Carryover.
What it is. Residual heat continues cooking a protein 5–15°F after it leaves the heat source. A steak pulled from the pan at 125°F will finish at 130–135°F during its rest. Ignore this and your perfect medium-rare becomes gray medium on the cutting board. Every thick protein — steak, chop, roast, fish fillet — obeys this law.
Why It Works — The Science
Heat flows from hot to cold. During cooking, the protein's exterior is much hotter than its interior; the moment you pull it off heat, that exterior temperature begins equalizing inward. For a ¾-inch pork chop, carryover is ~5°F. For a 2-inch ribeye, ~10°F. For a 4-lb pork shoulder pulled from a 225°F smoker, up to 15°F.
How To Execute
- Know your target internal. E.g., medium-rare beef = 130–135°F. Write it down before the protein hits heat.
- Pull at target minus 5–10°F depending on thickness. Thin cuts shed little heat; thick cuts shed a lot.
- Tent loosely with foil — not airtight. A tight wrap traps steam and ruins the crust you just built.
- Rest: 5 min per inch of thickness is a safe floor. The bigger the cut, the longer it needs.
- Slice only after carryover plateaus. Then collect and pour the resting juices back over the meat.
Failure Modes
- Didn't pull early. Overcooked. The oven doesn't stop when the timer does — the meat doesn't either.

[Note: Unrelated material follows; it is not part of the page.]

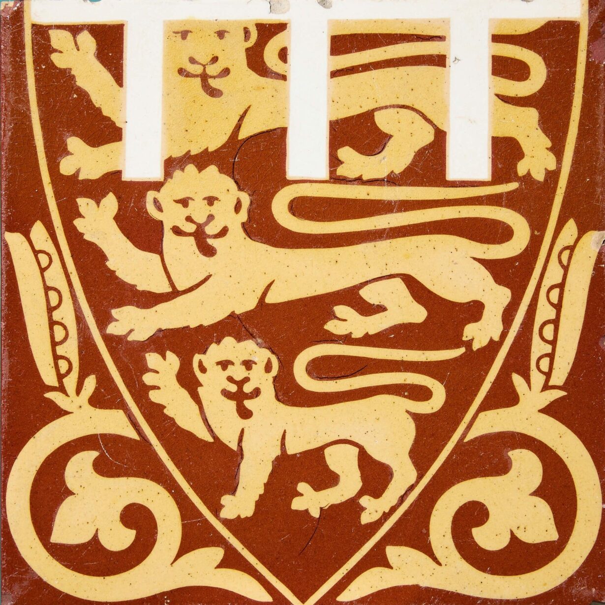 This 5 inch square tile is adorned with three lions passant within a heraldic shield and flanked by seed pods on scrolling foliate stems, thought to be fruits of planta genista and the emblem of the Plantagenists, all in a buff terracotta over a rich rouge ground.

- Pulled too early. Still undercooked. Recoverable — return to heat for a quick finish, then rest.
- No rest. Juice pours onto the board, meat eats dry. The juice belongs in the muscle fibers, not on the cutting board.
- Tight wrap. Crust steams soft. Tent — don't seal.
Pair With
Critical for reverse sear — pull the slow-cook at 115–120°F for a 130°F target after the hard sear that follows. Also governs sous vide → sear transitions. Thin fish (<¾ inch) has little carryover and can be pulled closer to target; thick roasts have massive carryover and must come off the heat well before they look done.